Does Character Matter When Everyone Cheats? Peer Influence and Environmental Drivers of Academic Misconduct
基于德国大学259份调查数据,研究发现感知到的同伴作弊是学生学术不端的最强预测因素,而考试形式本身影响不大,关键在于监管和制裁的执行力度。
ABSTRACT This study examines academic dishonesty among university students, focusing on peer influence, detection risk, effort, and sanctions in proctored online and offline exams. Drawing on 259 survey responses collected from German universities after the COVID‐19‐driven transition to online formats, it applies a utility‐based framework, combined with Probit and Logit regressions. The findings robustly demonstrate that perceived peer cheating is the most significant determinant, significantly elevating individual cheating likelihood by reducing perceived detection risks, thereby normalizing dishonest behavior.

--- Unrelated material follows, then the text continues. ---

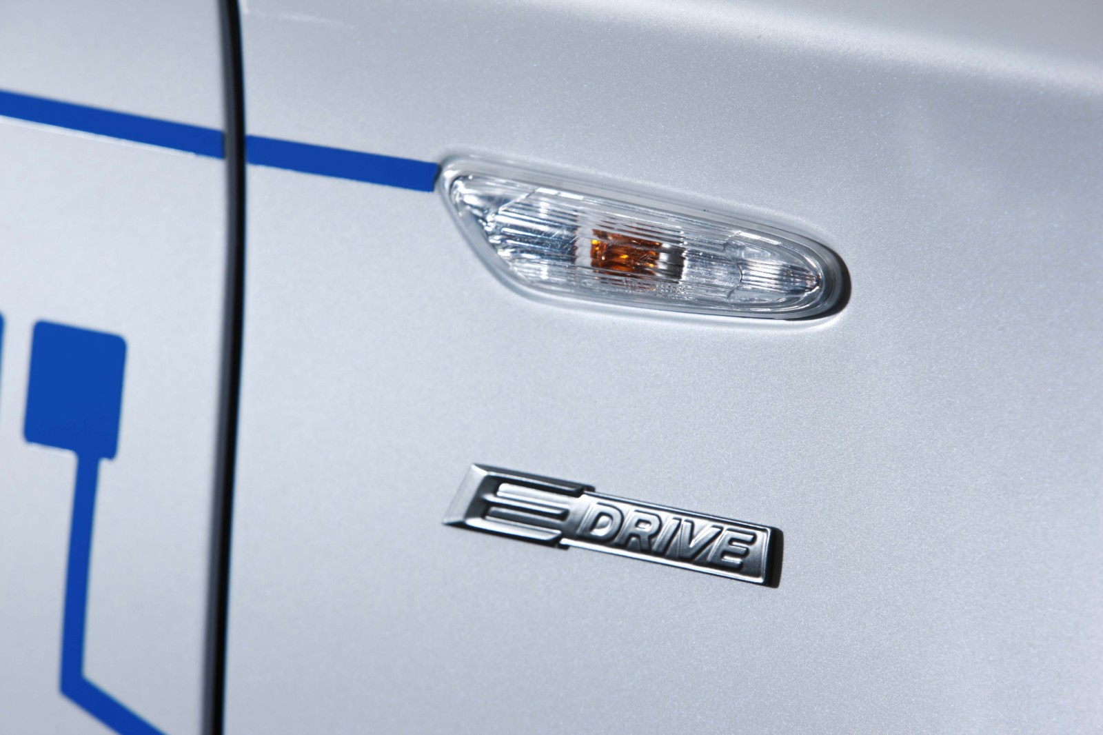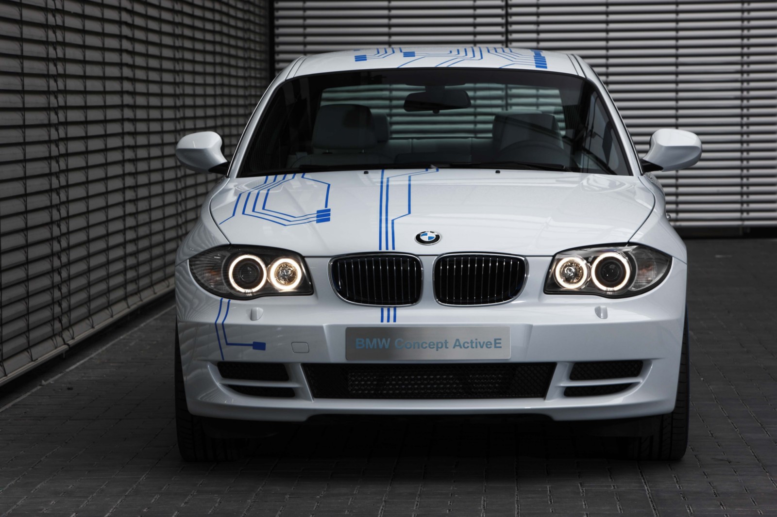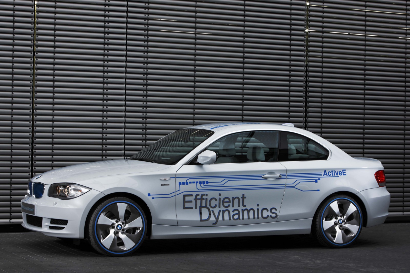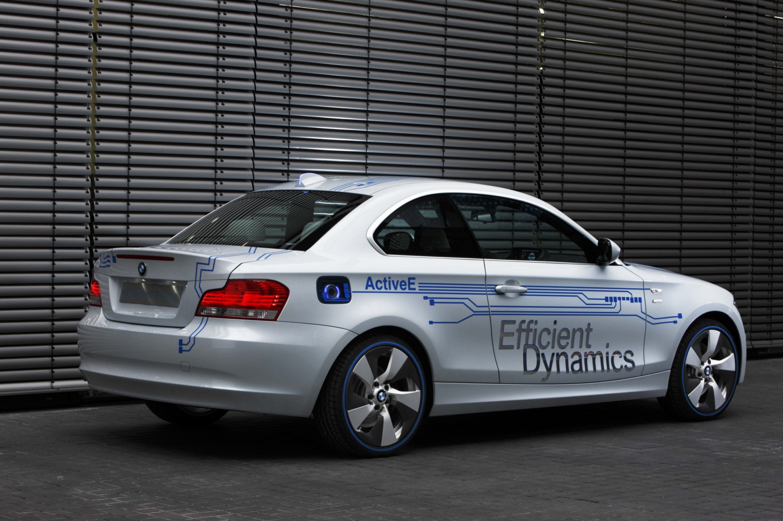 The technology of the BMW Concept ActiveE is highlighted through unique design features. The BMW Concept ActiveE is unmistakably based on the BMW 1 Series Coupe, well-known for its outstanding agility and efficiency. With its powerful proportions, the BMW Concept ActiveE also embodies an especially sporty form. Its side view is dominated by the striking shoulder line and the short overhangs. In addition, the BMW Concept ActiveE boasts striking light alloy wheels which are aerodynamically optimized. The distinctive appearance is partly created by the concept-specific rear apron which is completely closed, demonstrating that the vehicle is entirely emissions-free due to the lack of an exhaust system. There is a recognisable differentiation from the production model of the BMW 1 Series Coupe with the body finish in Liquid White metallic, as well as graphic elements derived from printed circuits in Electric Blue on the hood, doors, roof and trunk lid, as well as the lettering “ActiveE”, “eDrive” and “Efficient Dynamics” on the doors and side panels. The following elements also reflect the special character of this electrically powered vehicle: a blue illuminated charging connection behind a translucent filler cap, a glowing blue roof fin and kidney rods finished in blue. Blue rings on the tyres also make for a visual enlargement of the 18-inch wheels.

Although self‐reported cheating is more common in online settings, the analysis shows that it is weak enforcement and lower monitoring, rather than the exam format itself, that elevate misconduct. Students who dedicate substantial preparation time or hold strong ethical convictions are less likely to cheat, while sanctions prove ineffective unless coupled with a credible probability of detection. By quantifying these drivers in a controlled academic setting, this study provides fresh insights into how peer contagion, detection risk, and contextual factors interact to shape dishonest behavior. The results underscore the need for robust proctoring, clear sanction policies, and efforts to strengthen social norms, particularly as online and hybrid assessments continue to expand.